= Beginning of Section =

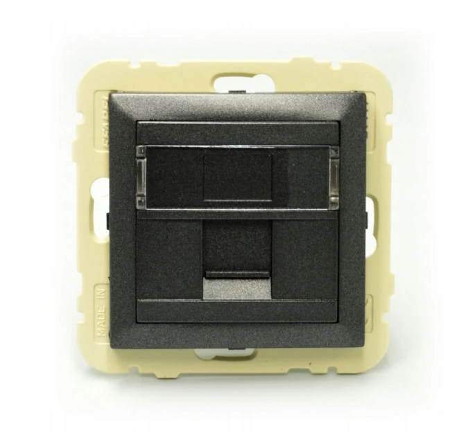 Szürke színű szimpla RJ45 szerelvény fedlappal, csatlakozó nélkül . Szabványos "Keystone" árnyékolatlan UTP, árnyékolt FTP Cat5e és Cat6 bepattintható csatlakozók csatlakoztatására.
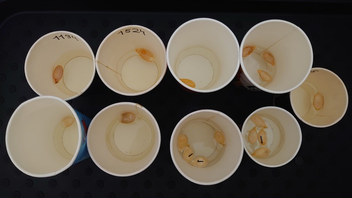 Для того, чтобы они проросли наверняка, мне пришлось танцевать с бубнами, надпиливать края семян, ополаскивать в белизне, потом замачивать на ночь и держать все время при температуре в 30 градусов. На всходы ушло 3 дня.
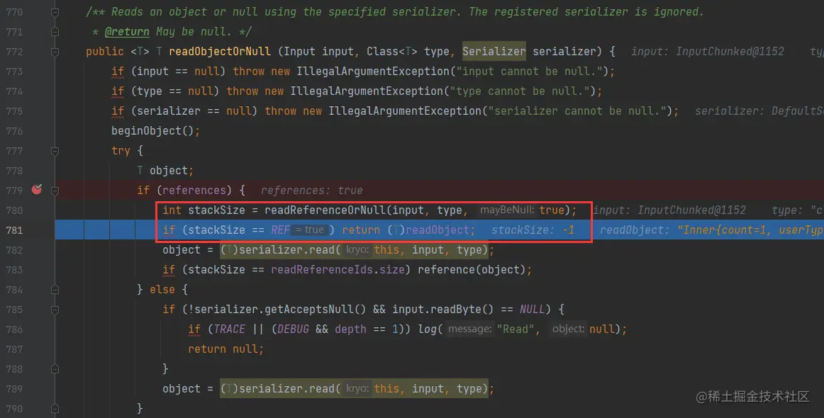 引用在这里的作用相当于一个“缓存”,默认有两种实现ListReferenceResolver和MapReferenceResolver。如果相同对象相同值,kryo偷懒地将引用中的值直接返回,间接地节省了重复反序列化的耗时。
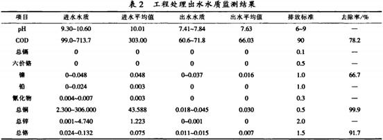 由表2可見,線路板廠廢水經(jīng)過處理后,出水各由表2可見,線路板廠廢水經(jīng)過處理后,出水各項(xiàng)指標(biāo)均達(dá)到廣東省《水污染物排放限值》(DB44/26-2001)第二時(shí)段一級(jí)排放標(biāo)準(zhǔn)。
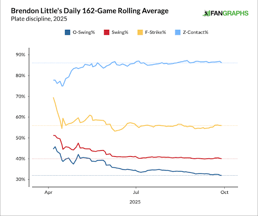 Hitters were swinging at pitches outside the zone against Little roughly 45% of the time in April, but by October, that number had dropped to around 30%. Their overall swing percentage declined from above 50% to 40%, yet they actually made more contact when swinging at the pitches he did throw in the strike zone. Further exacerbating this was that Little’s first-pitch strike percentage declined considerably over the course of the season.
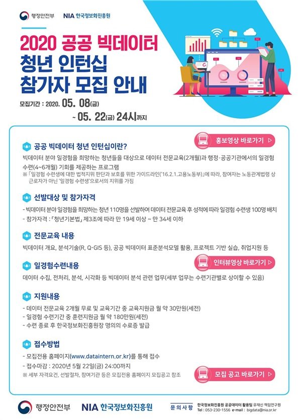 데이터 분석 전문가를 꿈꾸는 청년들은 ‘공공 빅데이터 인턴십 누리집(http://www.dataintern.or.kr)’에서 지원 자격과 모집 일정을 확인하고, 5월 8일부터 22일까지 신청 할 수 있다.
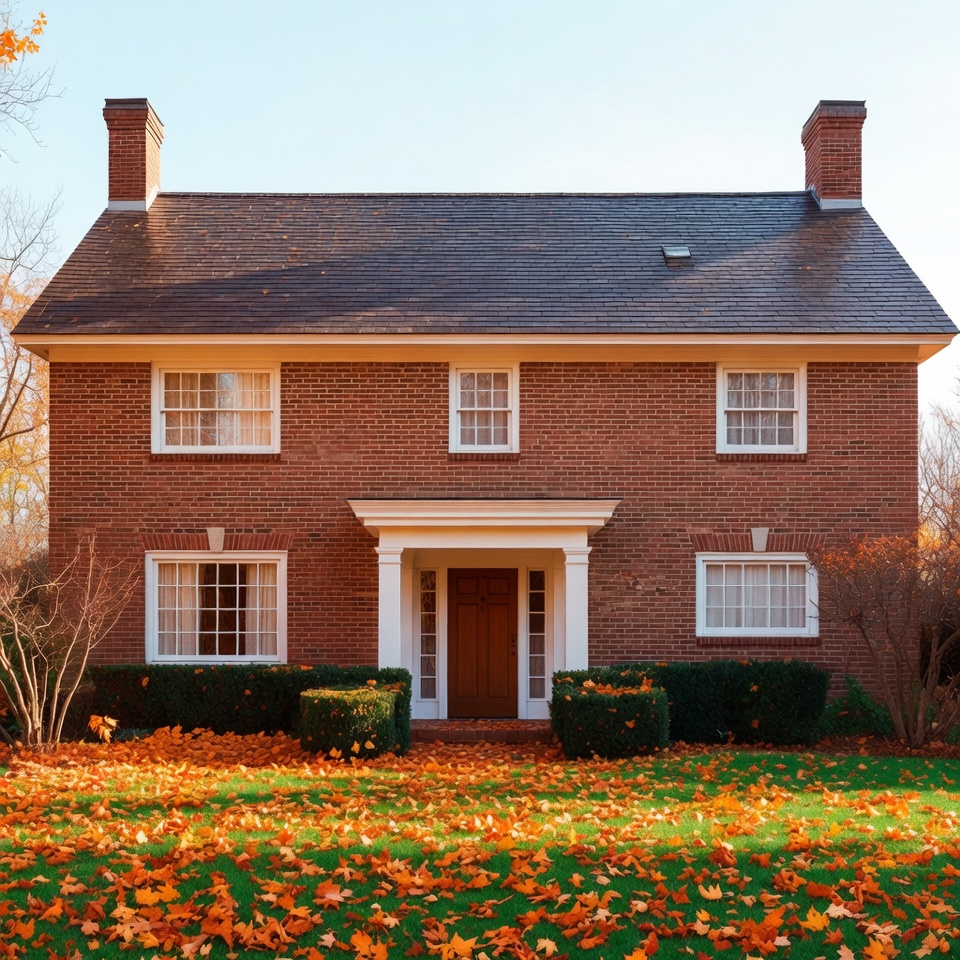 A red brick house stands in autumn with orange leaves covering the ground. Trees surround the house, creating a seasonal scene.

= End of Section =

● WHAT IS REQUIRED
Starting at the first line of the material, output exactly the lines up to and including the one with "Для того, чтобы". Do not include the pictures.

● YOUR SOLUTION
 Szürke színű szimpla RJ45 szerelvény fedlappal, csatlakozó nélkül . Szabványos "Keystone" árnyékolatlan UTP, árnyékolt FTP Cat5e és Cat6 bepattintható csatlakozók csatlakoztatására.
 Для того, чтобы они проросли наверняка, мне пришлось танцевать с бубнами, надпиливать края семян, ополаскивать в белизне, потом замачивать на ночь и держать все время при температуре в 30 градусов. На всходы ушло 3 дня.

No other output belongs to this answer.